• **PROMPT**: Please tell how many of the lines below contain "used", using only a number.

(Saved entries)
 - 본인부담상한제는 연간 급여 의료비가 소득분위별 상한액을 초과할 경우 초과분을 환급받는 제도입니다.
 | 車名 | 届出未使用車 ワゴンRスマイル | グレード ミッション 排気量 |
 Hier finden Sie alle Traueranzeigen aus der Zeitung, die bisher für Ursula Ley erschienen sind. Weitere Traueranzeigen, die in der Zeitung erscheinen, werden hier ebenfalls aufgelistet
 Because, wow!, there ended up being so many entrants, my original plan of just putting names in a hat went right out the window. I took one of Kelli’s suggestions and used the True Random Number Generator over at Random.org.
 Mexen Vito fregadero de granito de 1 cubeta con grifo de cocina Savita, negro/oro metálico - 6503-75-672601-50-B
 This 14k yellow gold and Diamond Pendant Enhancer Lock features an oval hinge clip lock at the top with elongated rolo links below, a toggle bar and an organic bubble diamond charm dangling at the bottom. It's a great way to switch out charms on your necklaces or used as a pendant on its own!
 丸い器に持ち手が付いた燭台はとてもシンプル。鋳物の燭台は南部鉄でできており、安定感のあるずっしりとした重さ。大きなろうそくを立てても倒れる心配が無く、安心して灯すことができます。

• **OUTPUT OF THE EXERCISE**: 2